Now that Copenhagen is bringing these issues into sharp focus, Rudd’s duplicity in selling the country a solution that politically it can’t afford is now being exposed. Most of the environmental happy clappers who facilitated Rudd’s ascendancy in this matter are not prepared to sacrifice their standards of living on the basis of principle. Neither are the big corporate mates whose patronage are an essential component of political survival. How on earth can we effectively limit consumption of carbon-based fuel and in not expect our standard of living to fall to third world countries’ standards.
Now that ultimate reality is dawning, the government is backpedalling as hard as it can to look after its union mates and it’s big corporate donors as they would be the first to suffer as a consequence of effectively taxing high carbon use industries including coal, mining, transport, and ultimately food production and every other energy dependant commodity.
G 77 group is effectively stating that our “emperor” is naked, which has more than the fools and acolytes surrounding him are prepared to do.
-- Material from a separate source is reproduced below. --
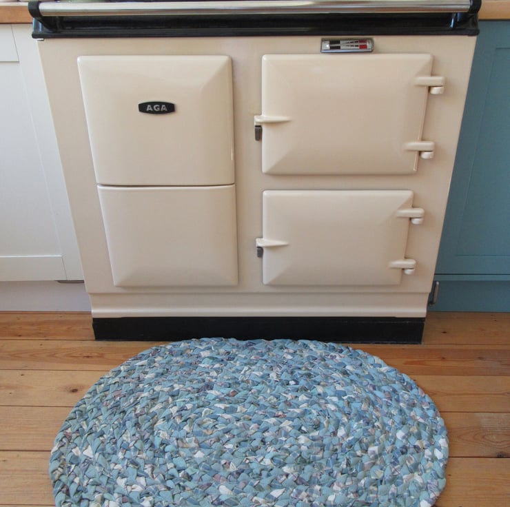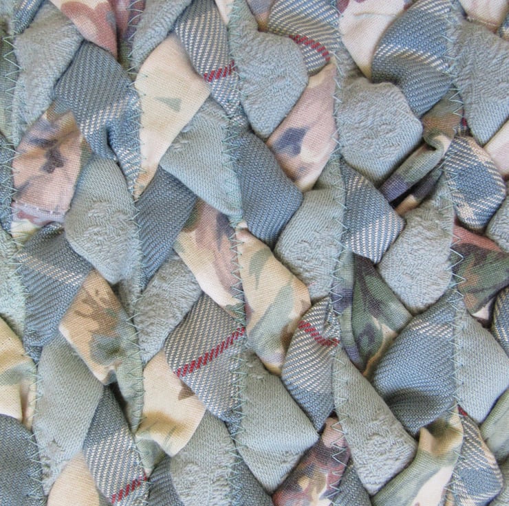 A hand braided, large oval rug, using a fabric combination of;

The G77 is exposing Emperor Rudd to the critical analysis that he does not get at home, and are not mincing their words. In contrast, the home audience has shown itself ready to be soft soaped so we can feel good about climate change but not do anything likely to significantly impact on our standard of living. On this basis we will continue supplying export markets with coal and underpinning our lifestyle with significant carbon-based fuel consumption whilst piously pontificating about our “green” credentials.
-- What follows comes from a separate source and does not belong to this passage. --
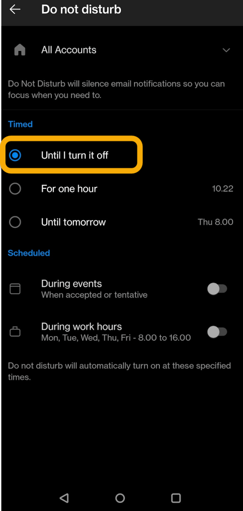 How to turn on Do Not Disturb in Outlook Mobile client for all accounts

With some climate scientists now saying we may have to resort to CO2 capture from the atmosphere (let alone coal combustion), the CCS exclusion from the CDM is unfortunate. We may yet need that technology.
Australia’s international reputation will be well served by the burial of the Carbon Capture and Sequestration concept. However, environmentalists should not relax, because there are many more fraudulent “offset” schemes in the pipeline. If an emitter can claim an “offset” which makes CO2 vanish from thin air, it will be able to claim a right to emit that much CO2. The amount of money involved will mean that salesmanship will be intense.
If a scheme is touted as a real “offset”, we should scrutinise its capacity to reliably store that much CO2 for 10,000 years, in a place where such carbon would not otherwise be stored, and where it would damage nothing in that time. I hope concerned people will become vigilant about these criteria, because those criteria themselves will certainly come under attack by those who want to cheat the environment.
Mark @2.29pm. It’s called trees, grass, algae and perhaps bio-char and iron-seeding of oceans. CCS cannot ever compete with biology in sequestering carbon. Just look at the white cliffs of Dover –effectively what ocean-seeding would create in currently dead patches of the Pacific, this stuff would be solid calcium carbonates and as stable as those white cliffs and be in deep ocean so, unlike trees, not be likely to be exploited by anyone trying to cheat.